1. Luxury first-class service from Washington to New Orleans. This would be in a roomette or bedroom with luxury amenities such as L’Occitan lotions and fancy hand soaps, soft and absorbent towels, and plush bedding.

2. Dinner service would include superb cocktails and premium wines and beers (not “Barefoot”), with fresh-cooked food (e.g. grilled USDA Prime New York strip steaks to order) or pre-cooked foods to the highest standards, e.g. Cobb Salad with crisp lettuce, or premium stews such as boeuf bourguignon warmed in the on-board oven. These would be served communally with fellow passengers for always interesting if not always delightful conversation, plates served on white-linen table cloths, with real china and glassware, by cheerful and accommodating hosts anxious for a big tip.

3. Complementary transfer to a luxury hotel in the French Quarter, accommodation at an extra though negotiated and thus discounted fee. Negotiated complementary dinner at a premium restaurant in New Orleans, e.g. at Antoine’s. Complementary transfer back to the train station the following morning.

4. Luxury first-class service from New Orleans to San Antonio, comparable to the above. Arrival lounge service in San Antonio, including shower facilities as one might find upon international first-class arrivals at an airport in London or Paris.

5.Transfer to a regional train to Brownsville similar to the Brightline service in Florida.

Yeah, that’s ideal. Forgive me for dreaming!

Attached photos show the 130mph speed on the Acela, compared to the 70mph or slower on the Crescent; and the Acela First Class versus Crescent “Flex” meals.
I well remember the excellent food and service when the Southern Railroad operated the Crescent. At the same time, the Southern decided to get out of passenger service so if it were not for Amtrak we would have no train between New York and New Orleans. But I still hope Amtrak service improves.
 
I well remember the excellent food and service when the Southern Railroad operated the Crescent. At the same time, the Southern decided to get out of passenger service so if it were not for Amtrak we would have no train between New York and New Orleans. But I still hope Amtrak service improves.
I too remember the Excellent Food and Service on the Southern Crescent ( I usually rode in a Slumber pacha since that was such a deal).

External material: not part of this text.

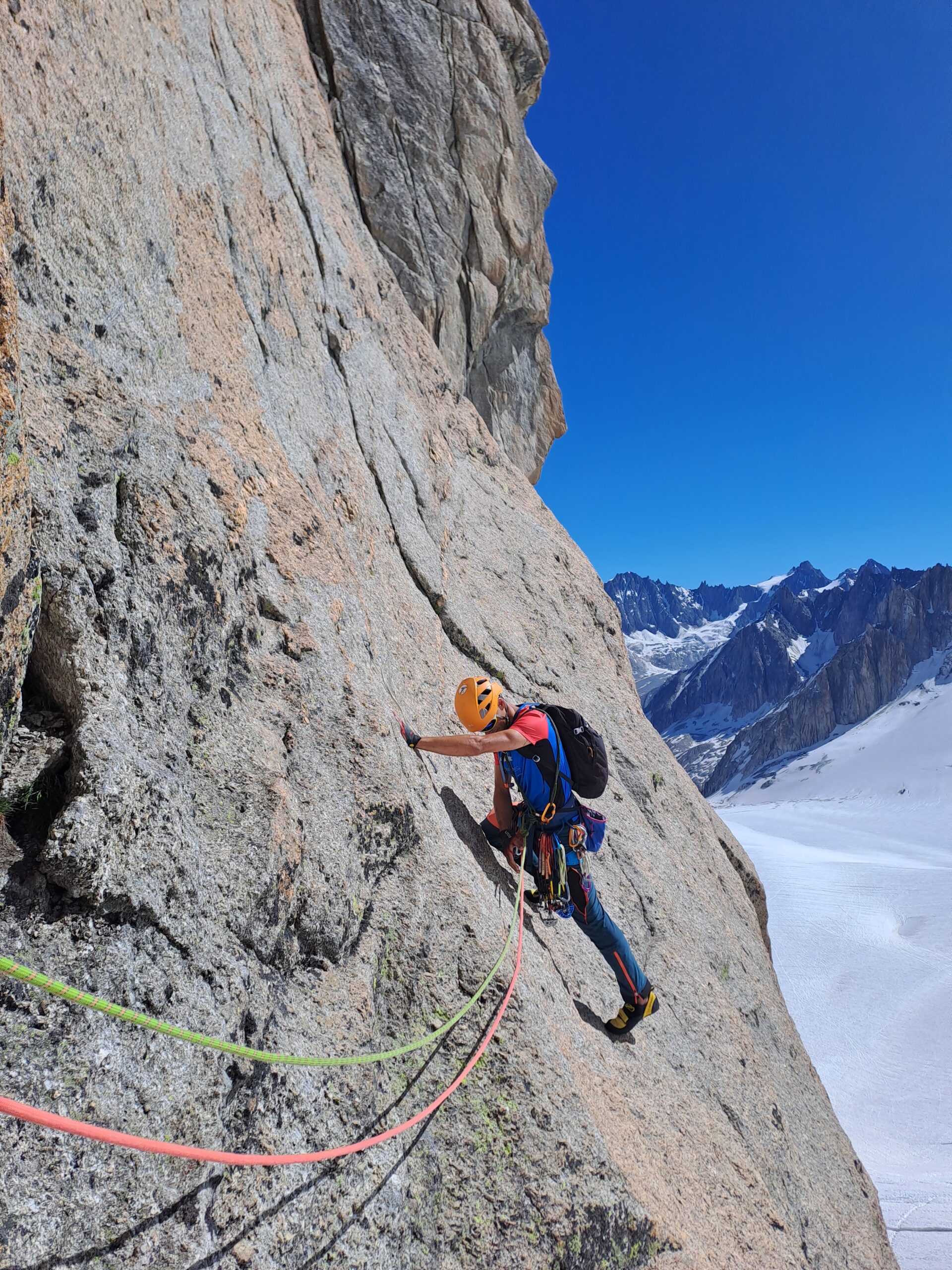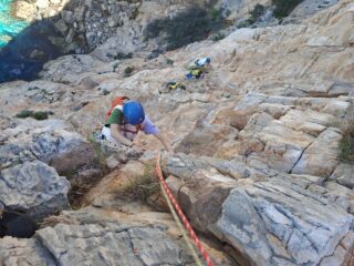 Roccia patinata di salsedine nei primi due tiri, poi migliora. Friend inutili, la via è ottimamente spittata. Il traverso non è più di 6b. L3…

If you're ever in Taylor,Texas( home of Louie Mueller BBQ and an Amtrak Stop) check out the old Southern Diner in the middle of town that is part of a Bar/ Restaurant that is sadly Closed now due to COVID!
 
I well remember the excellent food and service when the Southern Railroad operated the Crescent. At the same time, the Southern decided to get out of passenger service so if it were not for Amtrak we would have no train between New York and New Orleans. But I still hope Amtrak service improves.
I've ridden the Amtrak version of the Crescent several times, and the food and service were fine. But, of course, that was before flex dining and Covid. For some reason, it seems to be one of the "orphan" trains of the long-distance system, along with the Texas Eagle and the Capitol Limited. Not sure why these particular trains are being picked on. Every time I've ridden them, they seem to be well-patronized.